Auch ein Neugeborenes mit Downsyndrom haben die Schmids schon betreut. Doch da die Familie keine Ausstattung mehr für Säuglinge vorrätig hatte, sei die Betreuung intensiv gewesen. „Mittlerweile können wir nein sagen“, sagt Petra Schmid: „das ist wichtig.“ Und die beiden haben sich darauf verständigt, keine Babys mehr zu aufzunehmen. Da viele Bereitschaftspflegestellen gerne Säuglinge aufnehmen, sei das kein Problem.
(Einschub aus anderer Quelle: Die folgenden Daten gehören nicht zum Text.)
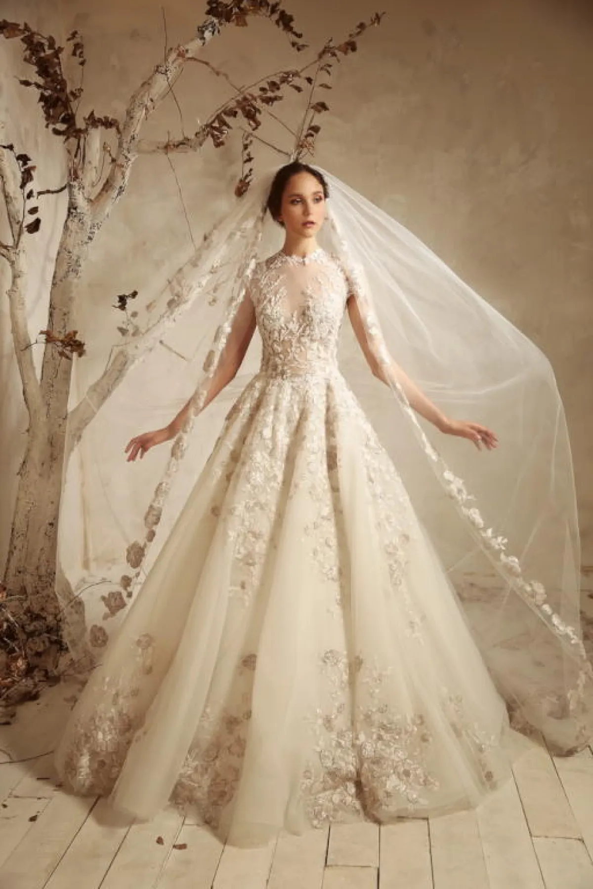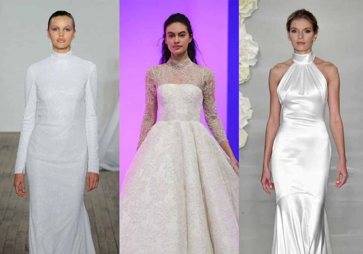 ظهرت العديد من موديلات فساتين الزفاف بالياقة المرتفعة في أسبوع العروس لموسم خريف وشتاء 2019 /2020، مع إختلاف موديلات الفساتين لترضي رغبات العرائس وأذواقهن.

Die Zusammenarbeit mit dem Amt laufe in der Regel gut. Wegen des Geldes nehmen die Schmids aber keine Kinder auf: „Wir zahlen eher etwas drauf“, sagt Thomas Schmid.
Schönster Moment
Er wünscht sich, dass Pflegeeltern mehr Infos über die Kinder bekommen, wenn sie die Familie wieder verlassen haben, vor allem auch wenn sie in die Zuständigkeit eines anderen Amtes gewechselt sind – wie es beim ersten Geschwisterpaar gewesen sei.
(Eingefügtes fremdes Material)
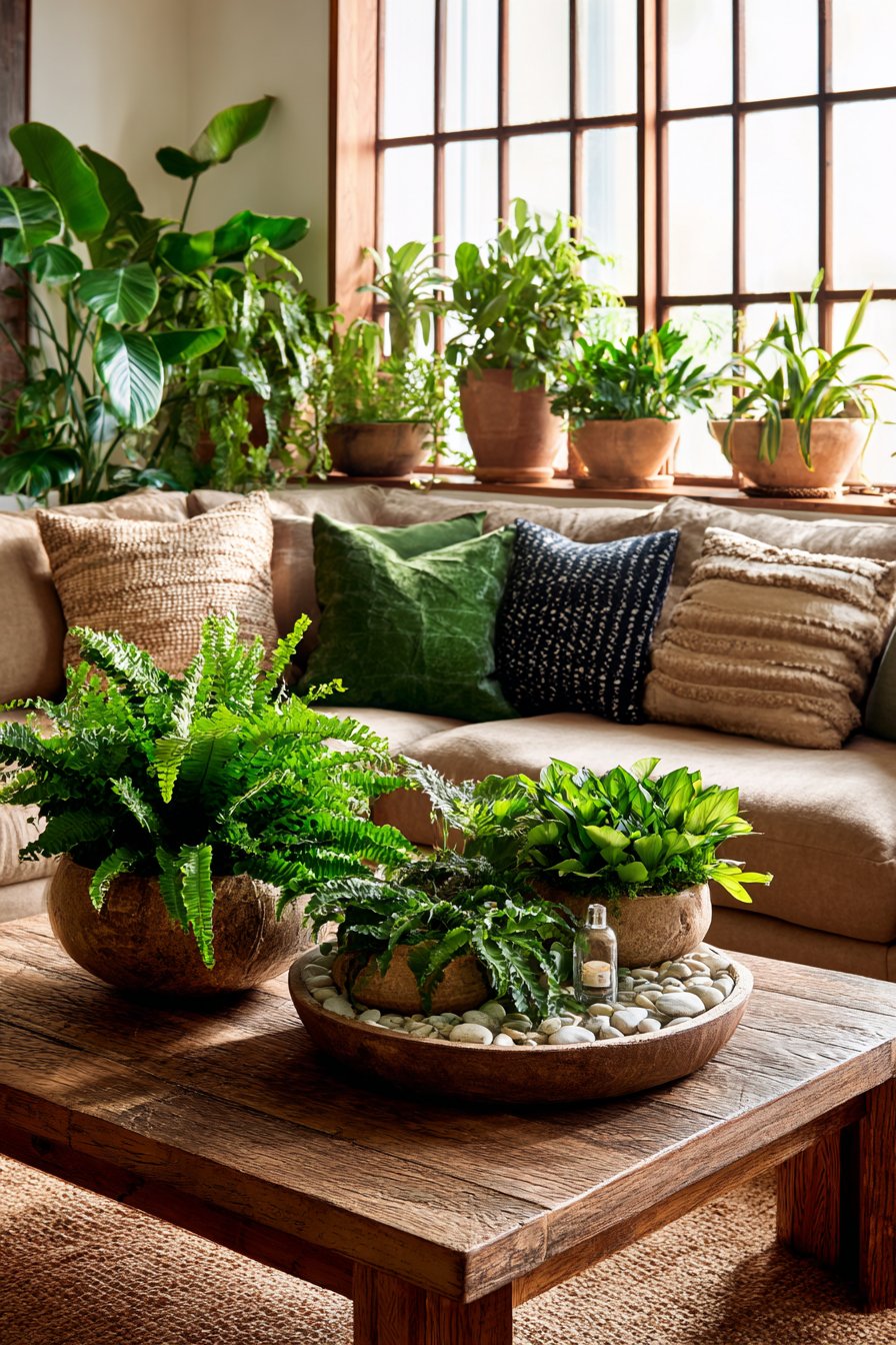 - Limit plants to 5-7 key specimens for average-sized living rooms

Bei einem Kind wissen die Schmids genau, wie es weiterging – sie haben es mit fast zwei Jahren als Bereitschaftspflegeeltern übernommen, damals nahm das Mädchen die Hand von Thomas Schmid und ging mit ihnen nach Hause. Ein Moment, der ihm sehr naheging. Mittlerweile sind die beiden Vollzeitpflegeeltern des Kindes, das zunächst kaum alleine bleiben konnte. Als die Pflegetochter nach einer Diskussion entrüstet sagte „dann gehe ich jetzt in mein Zimmer“, sei das für sie der schönste Moment gewesen, sagt Petra Schmid.